Having one product that replaces a bunch of other products has not only saved me a ton of money, it has also eliminated a bunch of clutter on my bathroom shelves! Bonus!!

Here are the 10 ways I use it in my day to day life:

  1. Lotion-  I use coconut oil after I get out of the shower.  It traps in moisture and really hydrates your skin.  I usually throw on my house coat or wait 5 mins before putting on clothes so it has time to soak into my skin.  The key here is using a small amount or else it can be a bit too greasy.  Wipe off excess oil after 5 mins.  I use a tiny amount to avoid having to do this! It also has a natural SPF 4 rating so it acts as a mild sunscreen as well.
  2. Makeup Remover- I use coconut oil to remove my mascara and eye makeup at the end of the day.  I rub a small amount in a circular motion onto my eyes and then wipe them after with a warm face cloth.  It also hydrates the eye area! Bonus!
  3. Massage Oil- I put a small amount in a container and add either 1 drop lavender oil or 1 drop peppermint oil to make a massage oil that will hydrate the skin. Peppermint smooths sore muscles and feet and the lavender is good for stress relief and relaxation.
  4. Cuticle oil-  I place coconut oil on my cuticles to soften them before pushing back my cuticles.  It will hydrate your nails and soften your cuticles.
  5. Lip Balm-  I use it on my lips to smooth dry skin.
  6. Scrub-  I mix coconut oil with sugar to create a natural exfoliator that is good for dry skin and lips.  I usually add 1 drop of peppermint oil for a minty effect.
  7. Baby Ointment-  Coconut oil has anti bacterial properties and works great to sooth diaper rash and redness.  It is all natural and soaks in nicely to sooth a sore toosh.

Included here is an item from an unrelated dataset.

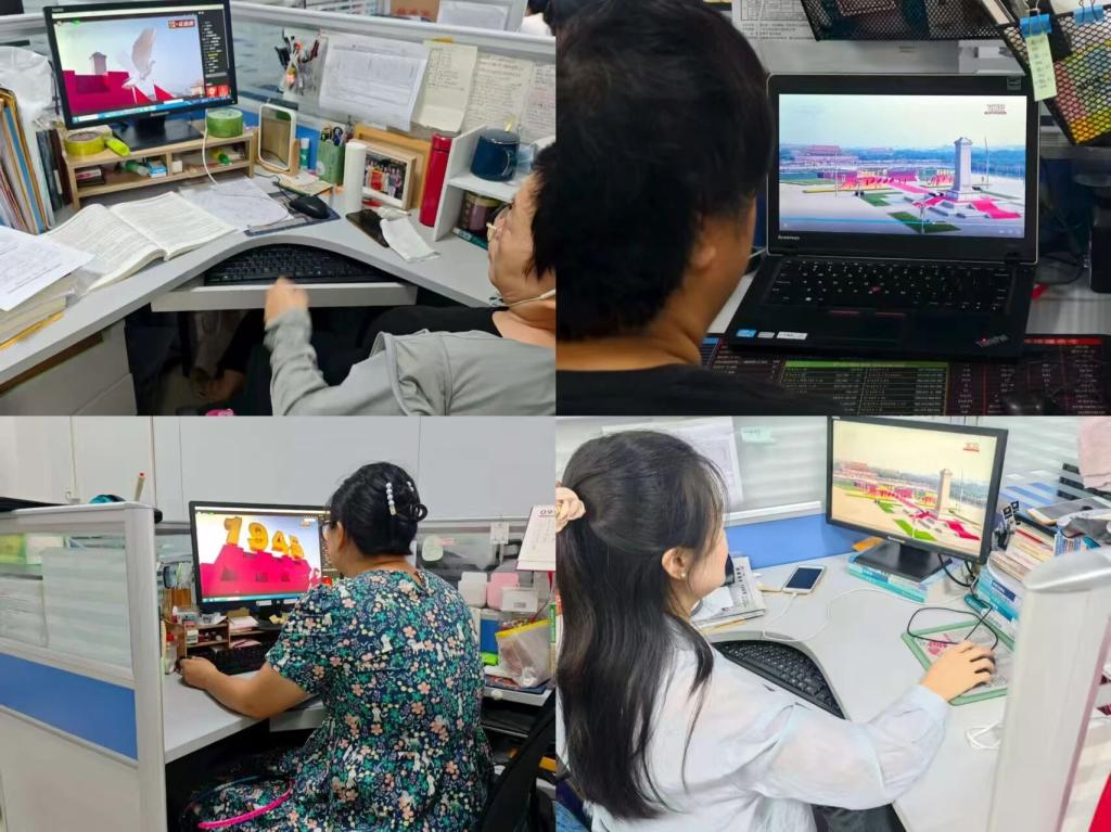 阅兵仪式开始,师生全体起立,齐声高唱国歌,庄严注视五星红旗在天安门广场冉冉升起。在观看过程中,师生们全神贯注,认真聆听习近平总书记重要讲话,不时记录要点。当各受阅方队以整齐划一的步伐通过天安门广场时,师生们神情庄重,目光中流露出由衷的敬意。

  8. Cheek Bone Highlighter-  I use a tiny amount of coconut oil to highlight my cheekbones and to give my skin a nice glow.
  9. Sunburn Remedy-  The anti inflammatory benefits of coconut oil works great to sooth sunburnt skin.
  10. Hair Shine/Anti-Frizz Serum-   I rub a tiny amount of coconut oil between my hands and lightly comb my fingers through my hair to give it a nice shine and to de-frizz in the winter or when I’m somewhere humid.